Livingstone Ebiru the executive director of the UNBS, says they have tried so much to support those who tried to process the non-alcoholic Kombucha with the produce process but have failed because it progresses to alcohol with time.

Ebiru adds that the Ugandan Kombucha manufacturers at the moment don’t have the facilities and technology to maintain the beverage as non-alcoholic which many of them so much want to produce.

This came out of the meeting between the Kombucha manufacturers, UNBS, and the Uganda Alcohol Industries Association- UAIA, aimed at seeing how these beverage manufacturers can join in the umbrella that brings together all alcohol manufacturers in the country.

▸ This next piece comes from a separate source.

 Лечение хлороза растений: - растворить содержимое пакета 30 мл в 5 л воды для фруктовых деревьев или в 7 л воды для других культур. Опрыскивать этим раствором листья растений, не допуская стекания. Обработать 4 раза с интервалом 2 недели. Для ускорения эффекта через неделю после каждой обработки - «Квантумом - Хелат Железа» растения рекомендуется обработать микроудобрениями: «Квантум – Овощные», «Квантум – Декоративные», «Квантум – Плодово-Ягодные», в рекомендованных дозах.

Samuel Turyatunga the president of the Uganda Kombucha Manufacturers Association, UKMA, agrees with UNBS, saying that their production is determined by the market preference and that most Ugandans prefer alcoholic Kombucha to the non-alcoholic one, and that is why they produce it.

Turyatunga adds that because they do not pasteurize the beverage, it continues to go through fermentation even when it is bottled, adding that the market mostly likes the non-pasteurized one because of its natural state.

He continues that there is also non-alcoholic Kombucha though it is hard in Uganda because of the poor refrigeration system which can’t maintain the beverage as such from the factory to consumption.

“The poor refrigeration systems in the country and our customer’s preferences, are the reasons behind the availability of this beverage only in the alcoholic form on the market,” Turyatunga explains.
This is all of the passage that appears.